Take Japan's Niles Parts Co. The company is still run by the founding Suzuki family. But Richard M. Donnelly, the former head of General Motors Europe--who also runs Ripplewood's extensive U.S. auto parts investments--guides its strategy from the board. Donnelly's grand plan for the former Nissan Motor affiliate is to make it the nucleus of an international auto parts company by merging it with future acquisitions. Niles' Kentucky factory has a solid reputation in Detroit as a supplier of switches and sensors for cruise control and power-window systems, he says.

Another rehabilitation candidate is Nippon Columbia. Its recordings include a lot of syrupy traditional Japanese love songs, but it also has "a wonderful underleveraged jazz catalogue," Collins says. "And Denon has the potential to be the premier high-end consumer-electronics brand in the world." The plan is to split the studio from Denon and run the two separately. In charge of making that happen is Strauss Zelnick, the former head of BMG Entertainment, a unit of Bertelsmann AG.

Ripplewood also has a long-range vision for Seagaia, with its 1,300 hotel rooms, five-plus golf courses, and that man-made beach called the Ocean Dome. Michael F. Glennie, who joined Ripplewood after managing a $1 billion portfolio of leisure properties for Miami-based Boca Resorts Inc. and who once ran New York's swank Waldorf-Astoria Hotel, is the new CEO. Seagaia lost money every year after its 1993 opening, Glennie points out, mostly because it operated like a government agency, awarding big supply contracts without competitive bidding.
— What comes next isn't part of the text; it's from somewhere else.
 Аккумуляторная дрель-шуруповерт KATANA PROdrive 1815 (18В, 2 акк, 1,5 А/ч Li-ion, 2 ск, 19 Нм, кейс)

Its primitive reservations system never adjusted pricing to seasonal demand, keeping its occupancy rates at a money-losing 48%. Glennie is convinced the resort's potential as both a domestic and international vacation and convention destination has never been exploited. After snapping it up for a song, Ripplewood refinanced Seagaia's debt and is now talking to Marriott International Inc. and Starwood Hotels & Resorts Worldwide Inc. about managing the property.

It will take thousands of executives as motivated as Donnelly, Zelnick, and Glennie to pull Japan out of its mess. True, private-equity investors are a patient lot. But they want to double or triple their money for their pains. And they'll certainly be spooked if a high-profile deal such as Shinsei goes sour. Meanwhile, other outsiders are getting cold feet.

Foreign acquisitions are down 57% year-to-date compared with the same period in 2000, according to Thomson Financial. Collins isn't fazed: "Investing here is maybe more important than doing it somewhere else," he says. By that standard, if Collins wins, Japan does too. If not, Ripplewood may join a distinguished list of foreign investors who thought they saw something that wasn't really there.